The years went by and Adrian Wilson admits it was easy to get frustrated.
The losing records piled up. Wilson – the Pro Bowl safety who is the longest-tenured Cardinal, having been drafted in 2001 – endured enough of the 4-12 and 5-11 records.
"It's hard not to look on the other side and say, 'The grass is greener over there,' " Wilson said.
Six Cardinals have spent at least six seasons with the club, dating back to the
Dave McGinnis era: Wilson, wide receiver Anquan Boldin, linebacker Gerald Hayes, guard Reggie Wells, long snapper Nathan Hodel and kicker Neil Rackers.
As Boldin noted Monday, the Cardinals are used to coming in that day for exit interviews. Instead, it was finally to prepare for a playoff game.
"It's a process," Boldin said. "We have obviously been here through some trying times. To get here, it's kind of satisfying. But at the same time, we haven't done much."
None of the Cards' "original six" arrived with much fanfare. Wilson was the Cards' fourth draft pick behind Leonard Davis, Kyle Vanden Bosch and the immortal Michael Stone. Boldin, Hayes and Wells arrived in a draft remembered for the Cards passing on a chance for Terrell Suggs and instead taking Calvin Pace and Bryant Johnson.
Rackers arrived in midseason 2003 to replace Tim Duncan (the kicker, not the NBA all-pro). And Hodel, like Wilson, has been around since 2001, arriving after being cut from a Carolina Panthers' team destined for 1-15.
Since their arrival, McGinnis was fired, Dennis Green was hired and fired, and Ken Whisenhunt was brought in to remake the roster. The Cardinals changed uniforms and stadiums. But until this season, the six knew by early December they wouldn't be making the playoffs.
Hayes acknowledged there have been some "stormy times."
"It is easy to get negative," Rackers said. "We see too often guys are ready to change teams because their team is losing rather than sticking it out, working hard, making the guys around you better and getting to this point."
Boldin said there was a feeling around the group that they had helped "jump-start the program." Wilson said he always wanted to finish the job he started when he arrived, which meant staying in Arizona and finally reaching the postseason.

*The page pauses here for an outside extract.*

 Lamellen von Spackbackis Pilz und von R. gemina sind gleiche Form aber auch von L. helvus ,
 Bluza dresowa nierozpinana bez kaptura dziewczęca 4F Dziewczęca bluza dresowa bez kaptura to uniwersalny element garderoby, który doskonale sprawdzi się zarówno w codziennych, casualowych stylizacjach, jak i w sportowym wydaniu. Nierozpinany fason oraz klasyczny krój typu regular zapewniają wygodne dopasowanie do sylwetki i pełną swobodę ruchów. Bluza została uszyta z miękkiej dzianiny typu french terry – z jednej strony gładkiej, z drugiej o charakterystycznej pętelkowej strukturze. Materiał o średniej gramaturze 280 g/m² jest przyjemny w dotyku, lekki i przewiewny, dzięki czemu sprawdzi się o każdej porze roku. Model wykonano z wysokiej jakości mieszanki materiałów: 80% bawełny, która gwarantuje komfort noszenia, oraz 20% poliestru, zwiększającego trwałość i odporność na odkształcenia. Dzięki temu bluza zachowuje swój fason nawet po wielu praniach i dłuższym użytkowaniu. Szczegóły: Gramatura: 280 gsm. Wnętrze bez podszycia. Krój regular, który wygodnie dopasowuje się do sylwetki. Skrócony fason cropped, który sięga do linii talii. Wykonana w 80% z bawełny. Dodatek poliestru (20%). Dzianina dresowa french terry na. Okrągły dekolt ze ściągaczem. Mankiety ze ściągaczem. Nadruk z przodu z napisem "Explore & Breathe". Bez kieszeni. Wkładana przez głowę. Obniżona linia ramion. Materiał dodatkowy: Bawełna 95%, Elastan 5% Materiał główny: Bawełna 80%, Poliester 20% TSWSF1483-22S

"You have to walk the walk," Wilson said. "You can't waver regardless of the situation, you can't stick your foot in and see if it is hot or cold. You always have to be there, because otherwise guys won't know if they can play with you or not and that's the thing, when you are with an organization for so long, you can't say you're not going to give it your all, because guys look up to that."
The Cardinals' roster is littered with players who have not been to the playoffs. Even players who have been there have had some droughts – quarterback Kurt Warner hasn't been to the postseason since the 2001 season.

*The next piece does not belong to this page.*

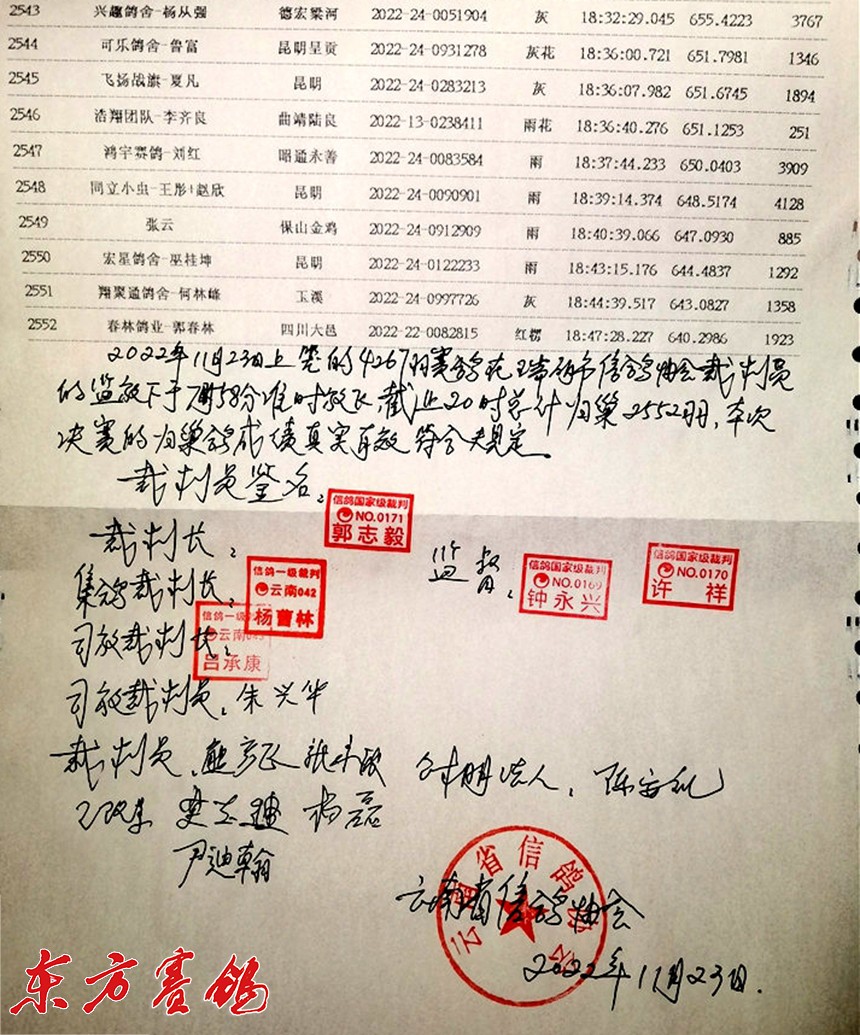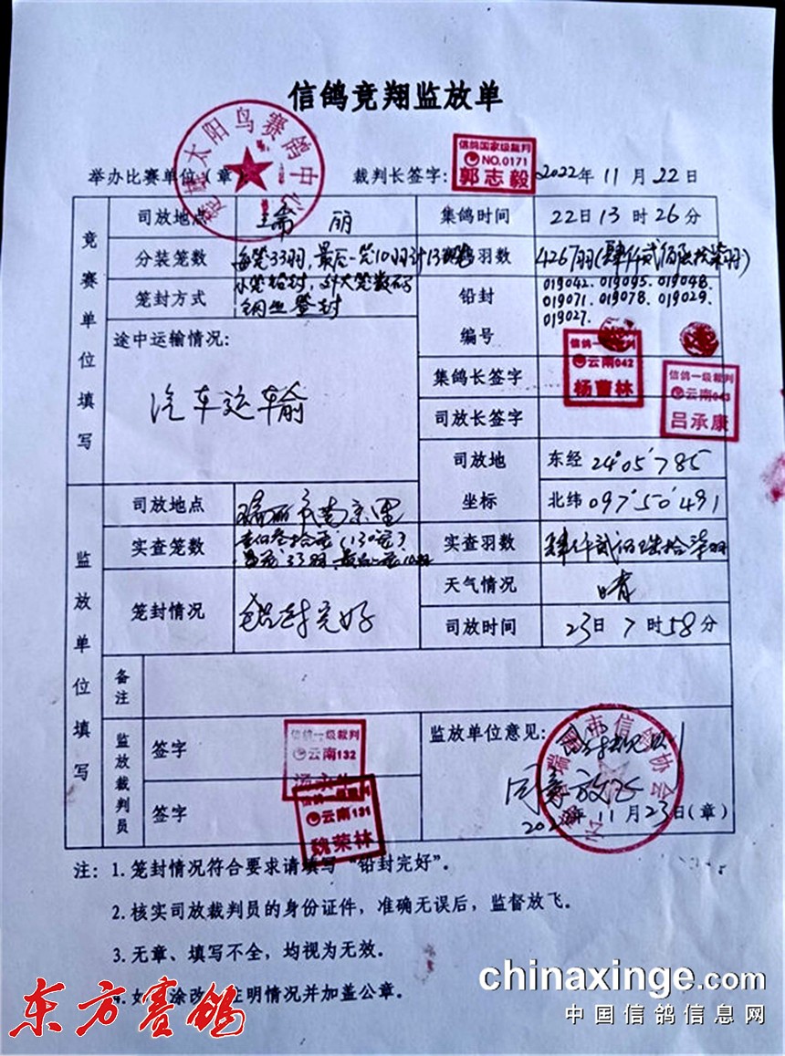 2022年11月22日下午1点,云南省信鸽协会许祥会长召集裁判员开会,明确执裁判员各自的职责,确保省监赛的太阳鸟公棚三公透明,本届执裁由云南省信鸽协会委派裁判执裁,共有裁判11人,其中国家级裁判3人、一级裁判3人、二级裁判5人。13点26分开始逐羽扫描、核对羽色、环号,加盖翅膀章、粘贴密码条、电脑同步录入上笼鸽信息,再装车上锁铅封。经过5个多小时裁判员们辛勤工作,共集鸽4267羽,上笼工作结束后,对鸽车上锁铅封,裁判员在集鸽单上签字确认;司放车由司放裁判长吕承康和司放裁判员朱兴华随车监赛。

If nothing else, Whisenhunt hopes, this first trip will serve as a building block for the future.
"Once you make the playoffs, that's when you really understand the importance of getting in and what the difference is," Whisenhunt said. "That's why teams with a number of guys who have been in the playoffs are more successful because they understand what it takes to get there and what it means to get there."
There is little question the long-time Cards know this. Hodel called this opportunity "precious." Wilson said after eight seasons, the game can't come fast enough.
"You get a great sense of pride you stuck it out," Wilson said, "now that it's finally here."